Let $\triangle ABC$ be a triangle with circumcenter P and $\angle BAC = 60^{\circ}$. Suppose line $ BP$ intersects $AC$ at point $X$, and line $CP$ intersects $AB$ at point $Y$. If $CY = 6$ and $\angle PXY = 15^{\circ}$, then find the length of $XY.$
What I tried so far,
Using angle chasing methods, I found below angles:
$\angle$BPC = 120$^\circ$
$\angle$PBC = 30$^\circ$
$\angle$PCB = 30$^\circ$
$\angle$PYX = 45$^\circ$
Other angles can also be found easily.
Also, AP = BP = CP = circumradius
I tried using trigonometry, sine/cosine rule, but not getting clue how to get XY's length.

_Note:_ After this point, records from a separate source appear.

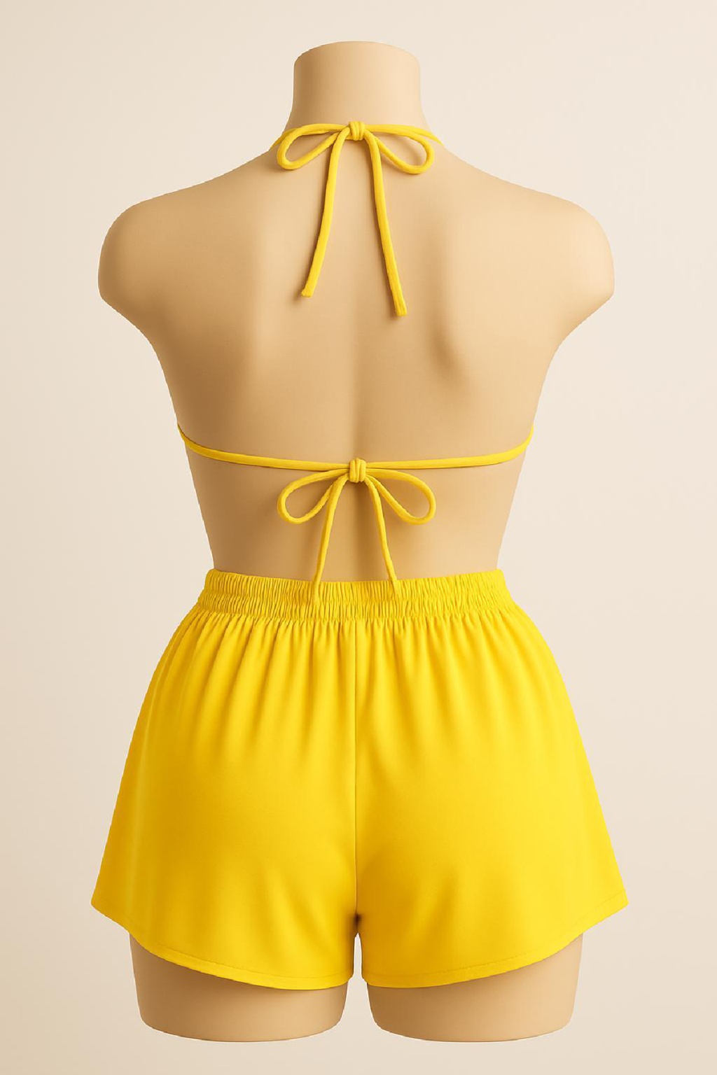 İki parçadan oluşan set; üst parça olarak bralet bikini üstü ve alt parça olarak şortlu bikini altını içerir.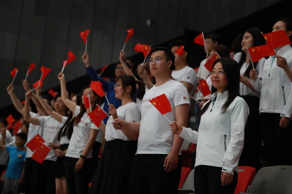 近百名师生从看台的不同入口进入,庄严却又不失优雅,为本是冰雪运动的场馆带去了些许温暖。全场的大合唱,气势如虹,将本次活动推向了高潮。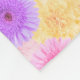 A soft flower pattern custom blanket with a gerbera daisy print in delicate pastel pink, peach, lilac and blue includes a template area for her name in modern typography making a unique gift for a lady or a girl.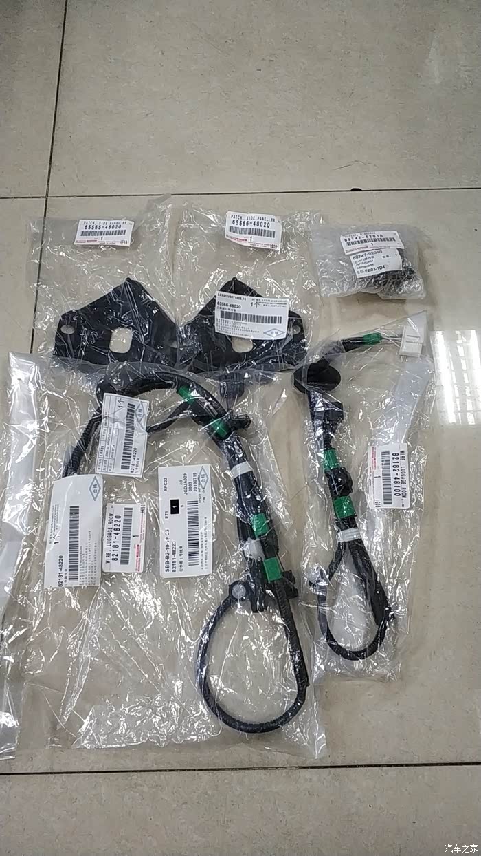 安装BSM,和RCTA,需要用到的配件有:原厂线束,蜂鸣器,探测器,镜片。缺一不可 ,这2个功能典雅版以下都是被***的功能,,这次我安装的镜片,和探测器为拆车件,因为这两样东西,订全新价格比较贵,没有必要。以上都是无损安装,原车都有预留位置,除了了后左右2个探测器需要用螺丝固定,其他都是卡扣安装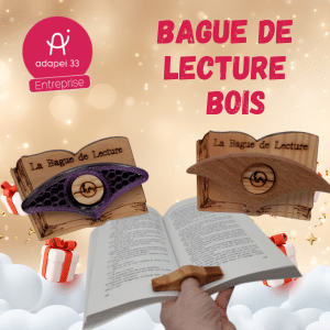 Bague de lecture en résine ou en bois. Elle maintient vos pages d’une seule main, évite la fatigue des doigts et protège vos livres.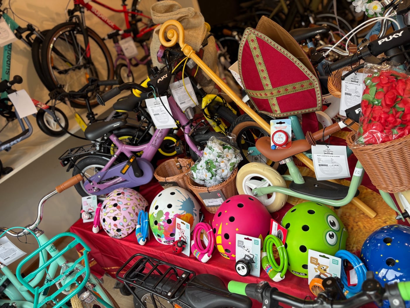 En hij heeft alvast heel wat leuke kadootjes in onze winkel klaar gezet! Van loopfietsjes tot stoere jongensfietsen en hippe meisjesfietsen. Van bellen en sloten tot leuke mandjes en stevige helmen.

If I get the circumradius from the CY's value, the we can find PY. then if we get the value of PX, then can apply law of cosine, to get the value of XY.
How to proceed from here?
Observe, $AXPY$ is a cyclic quadrilateral $\implies \angle XAP=\angle XYP=45^{\circ}$.
Since $P$ is the circumcenter, $PA=PC\implies \angle XCP=\angle XAP=45^{\circ}.$
Hence, $\triangle XYC$ is isosceles with $\angle YXC=90^{\circ}$. $$\therefore ~~ XY=3\sqrt{2} $$